I'm using a realtime reverb in a game I'm developing, and the algorithm uses simple comb filters in its implementation (basically delay lines that gradually decay to zero). I've been noticing something strange: the reverb usually processes a block of audio in 0.5 ms, and the algorithm is O(n), so shouldn't show much variation.
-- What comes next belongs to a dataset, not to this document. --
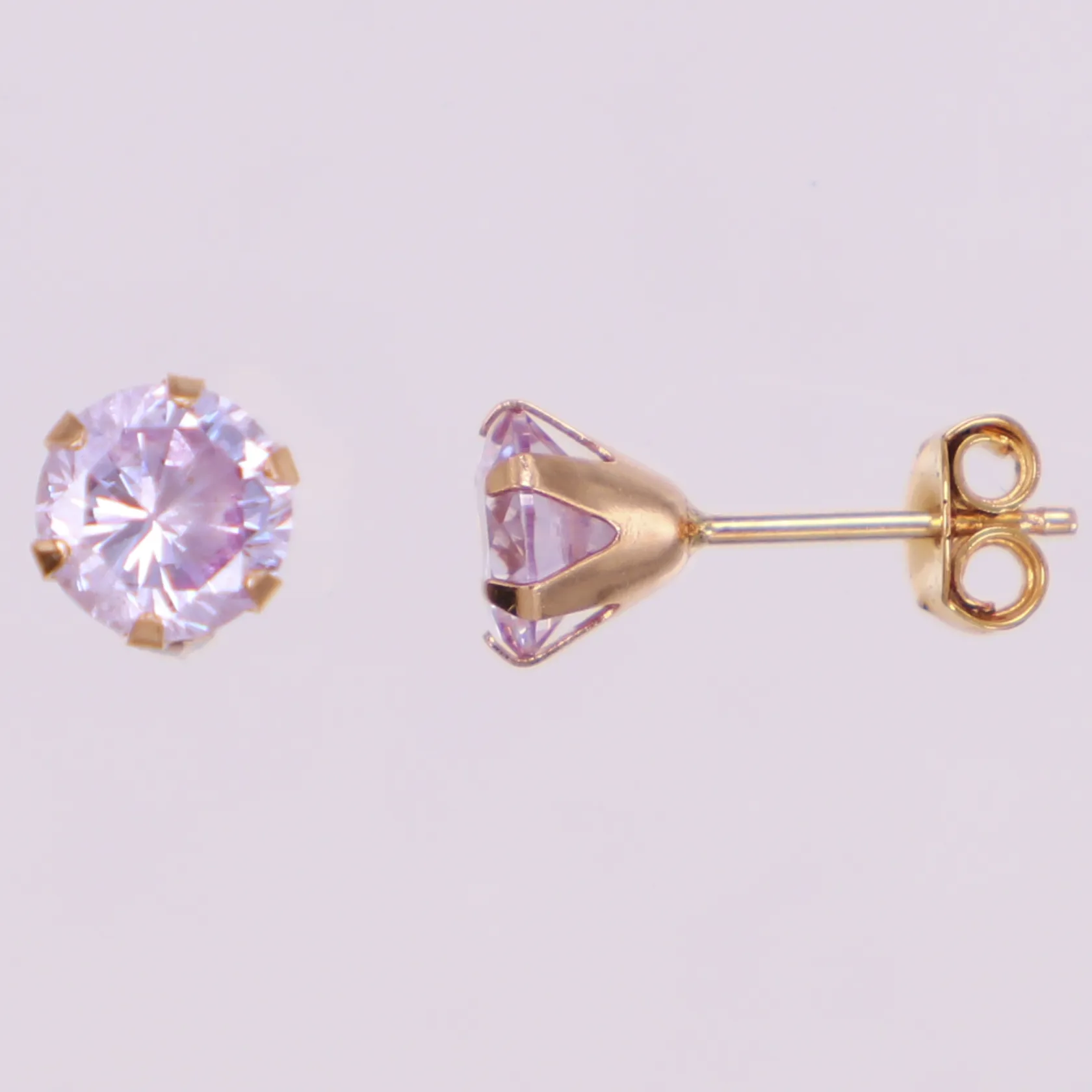Ett par örhängen med ljuslila stenar, Ø6mm, en snurrebuss ej guld, 18K Vikt: 1,1 g.

But if the input audio is silent for a few seconds, the CPU time suddenly swells up to 4-5 ms.
I traced it down to floating point multiplication - the reverb algorithm gradually fades the comb filter 'echoes' by multiplying by a coefficient, like say 0.6. So the samples decay to 60% each time through the delay loop.
But as the decaying values get really small, like 1e-40, those multiplies suddenly slow way down.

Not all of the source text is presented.